BUYER'S MARKET: During Friday's Budget, Finance Minister Tharman said that it was still "too early" to relax property cooling measures. Experts predict that prices and transaction volumes will continue to slide this year.


    Feb 24, 2014

    It's still cold in PropertyLand

    WITH the property market cooling measures expected to stay in place for now, prices and transaction volumes will likely continue on their downward trajectory, said experts.

    During Friday's Budget, Finance Minister Tharman Shanmugaratnam said that it was still "too early" to relax the measures, given the run-up in prices in the last four years, and that the Government would continue monitoring the situation and adjust the measures accordingly.

    It was a letdown for property players, who were hoping to see policies such as the additional buyer's stamp duty (ABSD) rolled back.

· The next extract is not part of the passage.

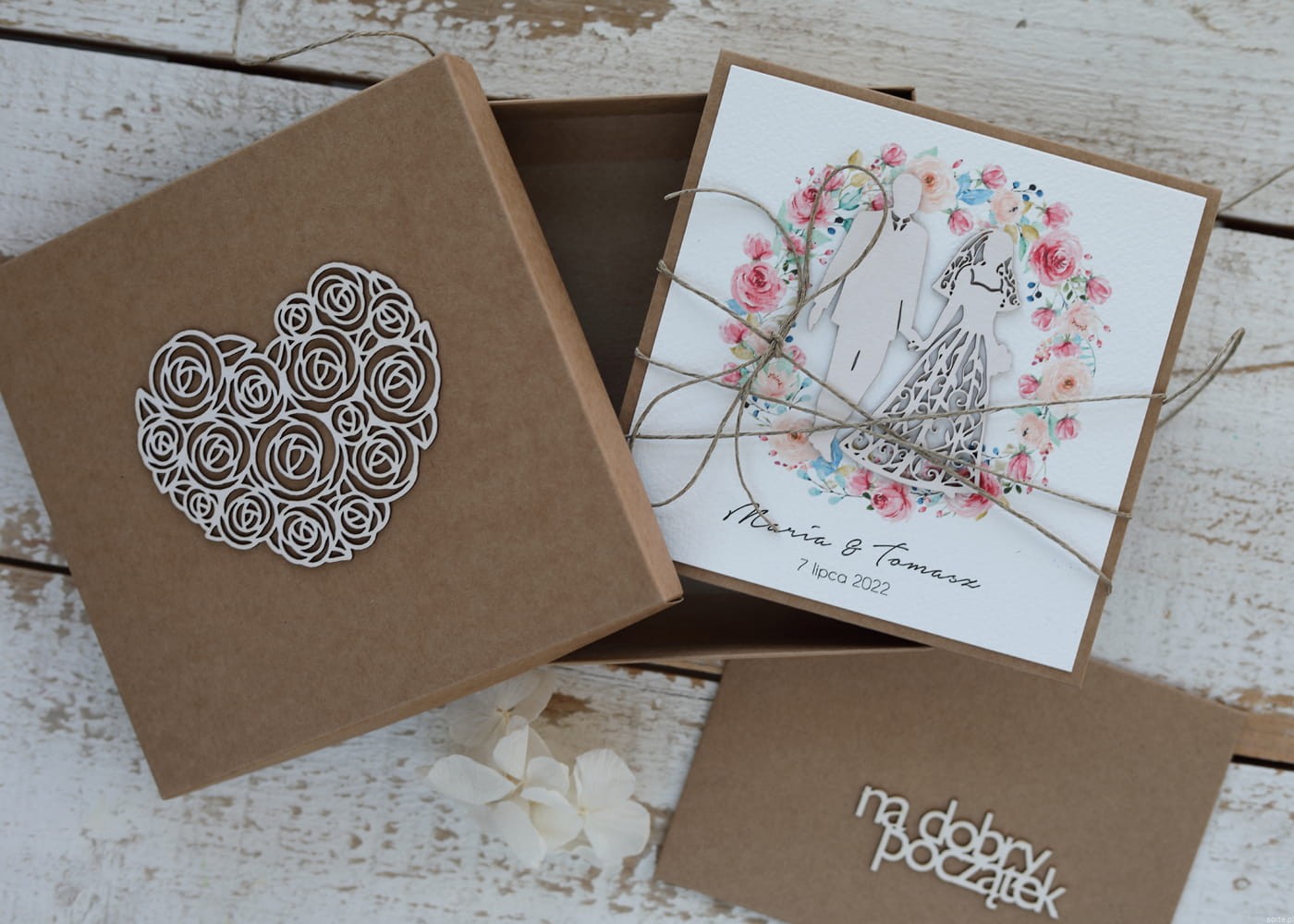 Kartka ślubna z pudełkiem z wiankiem, pomysł na prezent ślubny, koperta na pieniądze

    "The non-changing of the policies basically creates a buyer's market for another one year or so... Serious buyers will be able to buy a property at a fair discount," said PropNex Realty's chief executive, Mr Mohamed Ismail.

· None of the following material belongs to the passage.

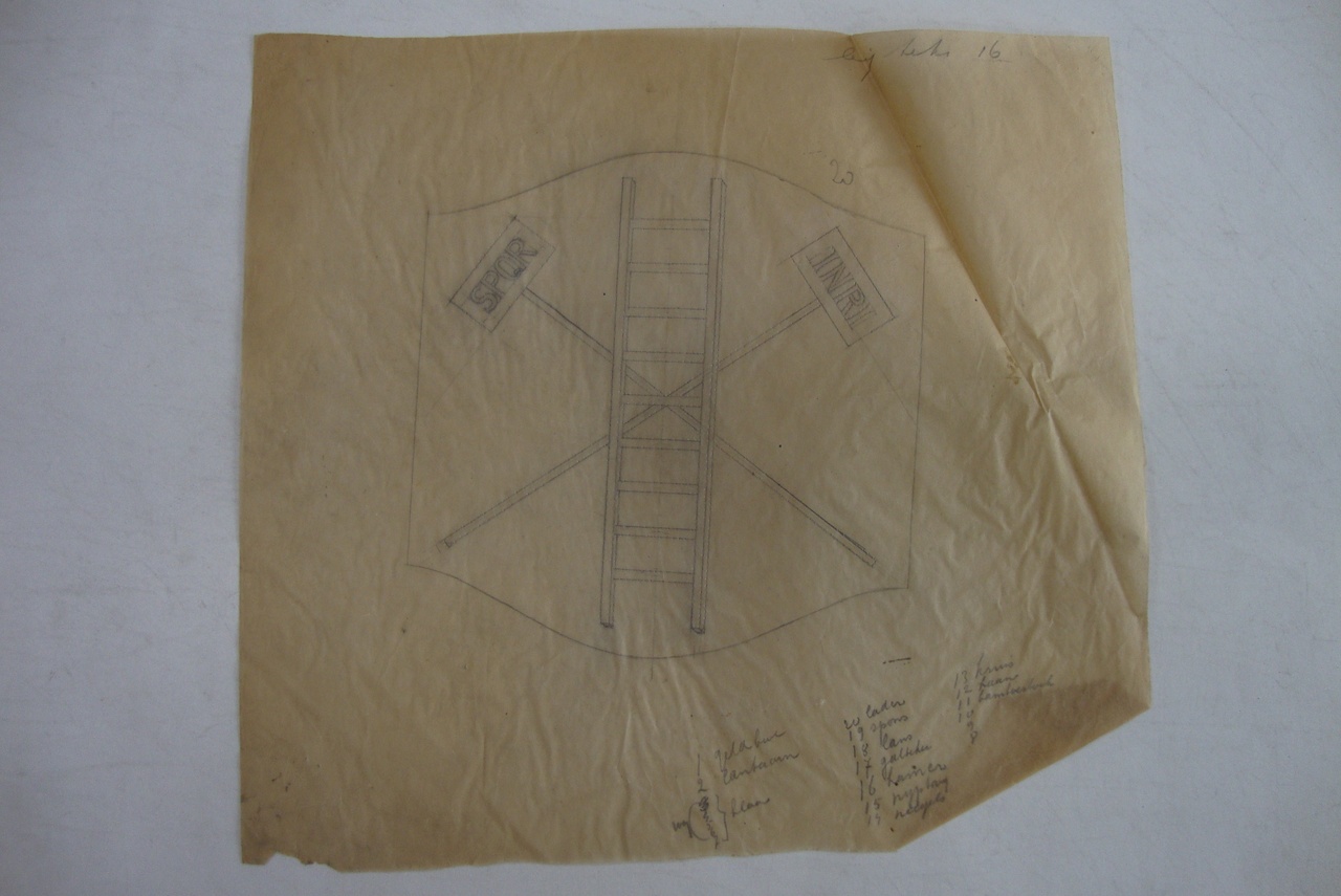 rechts beneden: geschreven: 1 geldbuil 2 lantaarn 3, 4 , 5, 6, 7 weg klaar; 20 lader (ladder?) 19 spons 18 lans 17 galbeker 16 hamer 15 nijptang 14 nagels 13 kruis 12 haan 11 bamboe stok 10 9 8 / potlood

    Mr Ismail said yesterday that "marginal corrections" can be expected, with prices for public housing dipping 5 to 8 per cent this year, brought about by an onslaught of supply.

    For private property, prices will slide around 2 to 3 per cent, as investors stay away because of the ABSD, he noted.

    Mr Nicholas Mak, director of research and consultancy at SLP International, said the market will "continue on its current trajectory", with demand and prices continuing to cool.

    Mr Mak estimated that prices should fall by between 5 and 10 per cent this year.

    But he noted that there is still "quite a lot of demand and liquidity", with potential buyers waiting on the sidelines for the cooling measures to be lifted.

    Meanwhile, transaction volumes could fall by 10 to 20 per cent this year, Mr Mak estimated.

    Mr Ismail said: "The market will remain very cautious, with the volume of transactions not having a revival or any improvement compared to last year."

    Mr Alan Cheong, director for research and consultancy at Savills Singapore, said that foreign investors playing in the high-end market will look to put their money elsewhere.

    "The Chinese economy is a bubble, and the question is when it will burst. In the meantime, we are restricting the flow of cash (from Chinese investors) into the Singapore economy. So, basically, we are going into hibernation way before winter," he said.